Elute Intelligence launches dedicated COVID-19 Document Reader to help scientists find vital research more rapidly
Elute Intelligence Holdings (“Elute”) today announces it has launched a dedicated free-to-use online COVID-19 Document Reader to help scientists worldwide tackling the disease to find vital research more rapidly.
The COVID-19 Document Reader draws on Elute’s novel advanced software tools to intelligently search large and complex databases to identify relevant information swiftly and effectively.
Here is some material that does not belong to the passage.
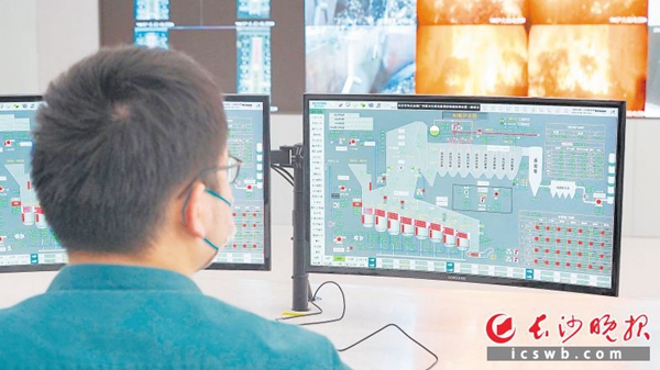 (军信股份员工正在远程监控自动化系统。均为长沙晚报全媒体记者 刘晓敏 摄)

It is available at https://elute.info.
The databases being used include a subset of PubMed, an online resource of more than 30 million citations for papers drawn from Medline, life science journals, books and other sources. Researchers will be able to search this for articles mentioning terms related to the current COVID-19 outbreak, such as coronavirus, COVID, MERS, or SARS. Elute is proactively working with researchers to identify additional datasets.
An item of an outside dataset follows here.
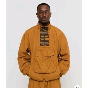 This 1/2 zip up Supervsn windbreaker is new with tags and original packaging. It is a 'big bird' yellow color with black writing. This is supposed to be oversized, see photos for measurements. It is a half zip, nylon windbreaker. There is no hood. There are 3 pockets, 1 front pocket and 2 pockets on either side of jacket. While taking photos, I noticed that there is a small spot to the right upper back of the jacket on the inside, it was something that occurred during production. It does seem like there is some stickiness to it, so I believe it'll come out once washed, I didn't want to wash it as it's brand new. I'm pointing to the spot in a photo and then the photo right after it is the spot with the jacket turned inside-out, hope that wasn't confusing!

Elute’s artificial intelligence searches, compares and analyses documents to identify similarities between them by mimicking the way people read. Researchers enter an entire paper already identified as of interest to find other relevant research. They can also create their own documents defining their own interests to enter into the Document Reader to refine searches still further.
This means the approach is very different to conventional keyword or Boolean search technologies. A patent application has been filed to protect developments of the technology.
Elute is already talking to a number of partners to support and publicise the COVID-19 Document Reader.
Peter Fischer, Chief Executive Officer of Elute Intelligence, said: “We are proud to be supporting the global fight against COVID-19 by exploiting our unique capability in document search to support scientists in their crucial research.”
Matthew White, Chief Commercialisation Officer of Frontier IP Group, said: “The COVID-19 Document Reader demonstrates just some of Elute’s ability to rapidly identify relevant information in unstructured datasets. It is great to see the team deploy this capability in such a short space of time.”